Strange Highways
- First (limited) edition
- Author: Dean Koontz
- Cover artist: Phil Parks
- Language: English
- Genre: Horror, suspense
- Publisher: Cemetery Dance Publications, Warner
- Publication date: 1995
- Publication place: United States
- Media type: Print (hardback & paperback)

= Strange Highways (short story collection) =

Book by Dean Koontz

Strange Highways is a collection of 12 short stories and two novels by American author Dean Koontz, released in May 1995. Four of the stories are revised from their originals. A British edition of the book (without the novella Chase) was previously issued by Headline in April 1995. It was nominated for the Bram Stoker Award for Best Fiction Collection.

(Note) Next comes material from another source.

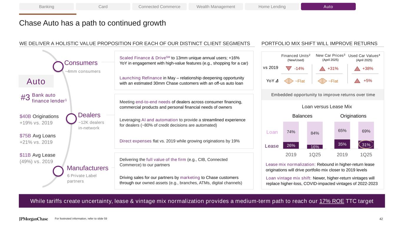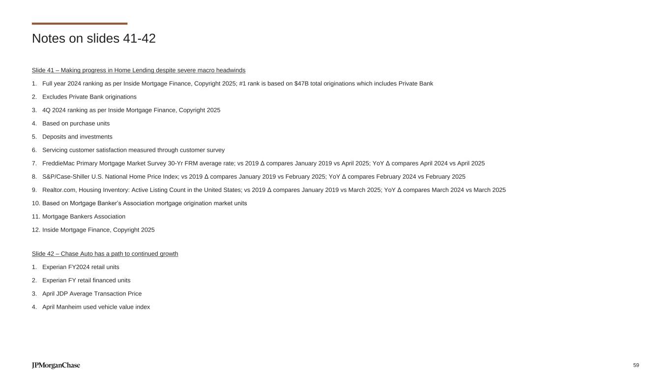 Slide 41 – Making progress in Home Lending despite severe macro headwinds 1. Full year 2024 ranking as per Inside Mortgage Finance, Copyright 2025; #1 rank is based on $47B total originations which includes Private Bank 2. Excludes Private Bank originations 3. 4Q 2024 ranking as per Inside Mortgage Finance, Copyright 2025 4. Based on purchase units 5. Deposits and investments 6. Servicing customer satisfaction measured through customer survey 7. FreddieMac Primary Mortgage Market Survey 30-Yr FRM average rate; vs 2019 Δ compares January 2019 vs April 2025; YoY Δ compares April 2024 vs April 2025 8. S&P/Case-Shiller U.S. National Home Price Index; vs 2019 Δ compares January 2019 vs February 2025; YoY Δ compares February 2024 vs February 2025 9. Realtor.com, Housing Inventory: Active Listing Count in the United States; vs 2019 Δ compares January 2019 vs March 2025; YoY Δ compares March 2024 vs March 2025 10. Based on Mortgage Banker’s Association mortgage origination market units 11. Mortgage Bankers Association 12. Inside Mortgage Finance, Copyright 2025 Slide 42 – Chase Auto has a path to continued growth 1. Experian FY2024 retail units 2. Experian FY retail financed units 3. April JDP Average Transaction Price 4. April Manheim used vehicle value index Notes on slides 41-42 59

Cemetery Dance Publications printed a limited edition hardcover of the book (ISBN 1-881475-15-8). It was slipcased and limited to 750 signed and numbered copies.

==Content==

- "Strange Highways" (novel): a failed author returns to his hometown after many years to attend his father's funeral, only to find himself suddenly and inexplicably thrust back through time to relive a traumatic event from his past, and possibly to find redemption. In the introduction, Koontz lists the Centralia, Pennsylvania, mine fire as an inspiration for this story.
- "The Black Pumpkin": a twelve-year-old boy tries to stop his sadistic older brother from buying a monstrous-looking pumpkin from a creepy pumpkin carver, but to no avail. That night, the frightening truth about the pumpkin and its carver is revealed.
- "Miss Attila the Hun": A bizarre alien lifeform tries to take over the planet, and the only thing in its way is a schoolteacher known as Miss Atilla the Hun.
- "Down in the Darkness": after a couple buys a new house, the husband discovers a mysterious door that seems to appear and disappear at will. When he goes through it, he discovers a horrifying secret.
- "Ollie's Hands": a young man with extraordinary psychic abilities and his tragic attempt to pursue a relationship with a woman whose life he saves. [Revised version]
- "Snatcher": a loathsome purse snatcher steals a purse from a strange old woman, only to find out too late that there was far more to her (and her purse) than met the eye.
- "Trapped": a woman and her son trying to fend off an attack by giant, mutated rats.
- "Bruno": a private eye meets a "probability cop" from another dimension, and together they hunt down a dangerous alien. [Revised version]
- "We Three": three siblings with special powers eliminate the rest of mankind, thinking that they're the "new race", but soon one of them is pregnant with a creature even more powerful who just might eliminate them. [Revised version]
- "Hardshell": a wounded cop stalks a killer through an abandoned warehouse, but there's more to this seemingly stereotypical situation than meets the eye.
- "Kittens": the first short story Koontz ever sold. An abused girl learns the horrible truth about God "taking her kittens to Heaven", and she devises an even more horrible revenge. [Revised version]
- "The Night of the Storm": a group of intelligent robots go on a hunting trip in the woods, where they learn that the myth of "human beings" may not be a myth after all.
- "Twilight of the Dawn": a devout atheist who finds his lack of faith challenged in the wake of his son's painful death from cancer.
- "Chase" (novella): A Vietnam war hero goes on the hunt for a murderous criminal.